Enerplus’s output rose slightly in the latest quarter, to an average of 85,080 barrels of oil equivalent per day (51% gas and 49% oil) from 84,937 a year earlier.

Cash flow jumped 29.4%, to $155.2 million, or $0.64 a share, from $119.9 million, or $0.50, a year earlier. The big increase came mostly from higher oil prices. The company’s realized oil price rose 21.1%, to $69.67 U.S. per barrel from $57.53.

On March 31, 2018, Enerplus’s long-term debt stood at $660.0 million, or a manageable 16% of its market cap. That’s down from $1.2 billion at the start of 2016. The company also has cash of $396.4 million from its property sales.

Energy stocks: Exploration and development spending up $450 million this year

For 2018, Enerplus is spending between $535 million and $585 million on exploration and development. That’s up from $450 million in 2017. The higher spending should expand output and cash flow.

The company is investing 90% of those funds in its light oil properties in the Williston Basin of North Dakota. It expects to boost output by up to 30% in that region. Enerplus also plans to drill up to three new oil wells in Colorado. Drilling there last year yielded strong results.

The company believes that concentrating on North Dakota offers the best chance of success. The 2017 U.S. tax cuts add to the appeal of drilling in that country.
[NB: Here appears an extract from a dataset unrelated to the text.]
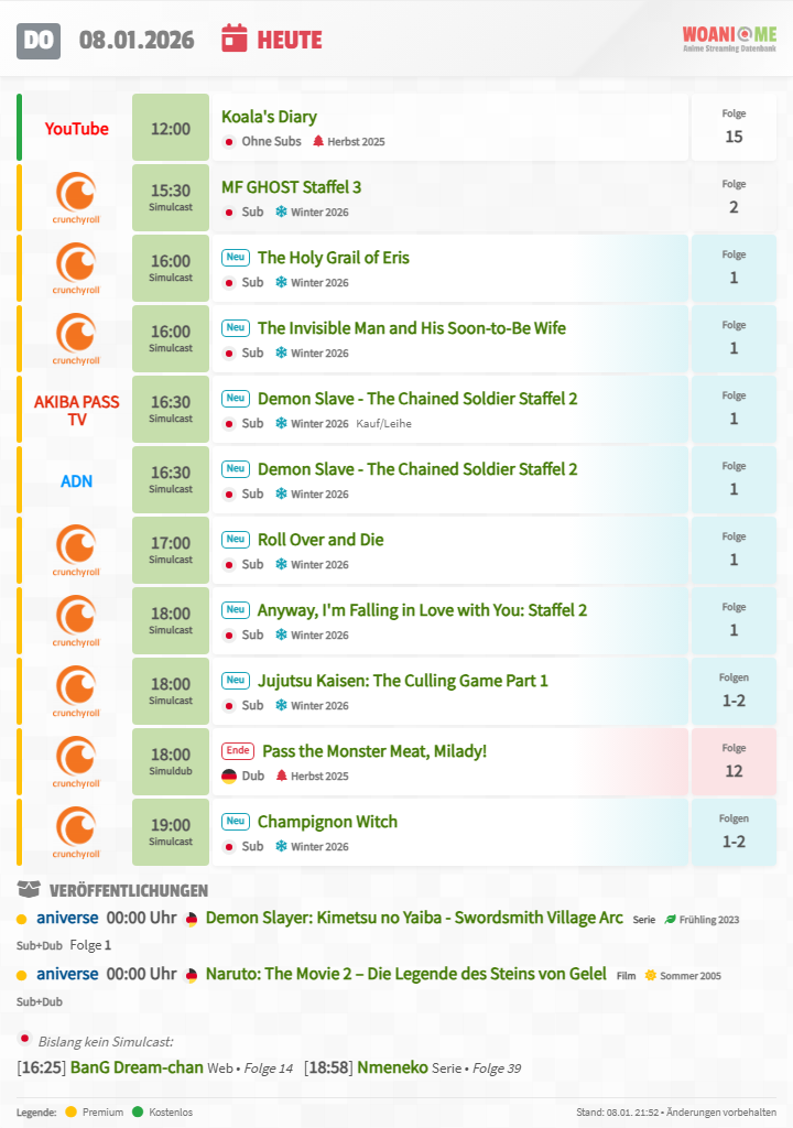 Das #Anime #Streaming Programm für Donnerstag, den 08.01.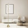 Lampada da terra modello Pomì a 5 luci in vetro bianco latte. Montatura oro spazzolato.

With roughly 80% of Enerplus’s current production originating from its U.S. assets, it will realize tax savings starting this year based on the new, lower 21% federal tax rate.

Enerplus will also realize a tax refund of about $85 million U.S. between 2018 and 2021.

Enerplus pays a monthly dividend of $0.01. The annual rate of $0.12 currently yields 0.7%.

The shares are up nearly 40% for 2018. The stock trades at 6.1 times the company’s forecast 2018 cash flow of $2.81 per share.

Recommendation in Canadian Wealth Advisor: Enerplus Corp. is a buy.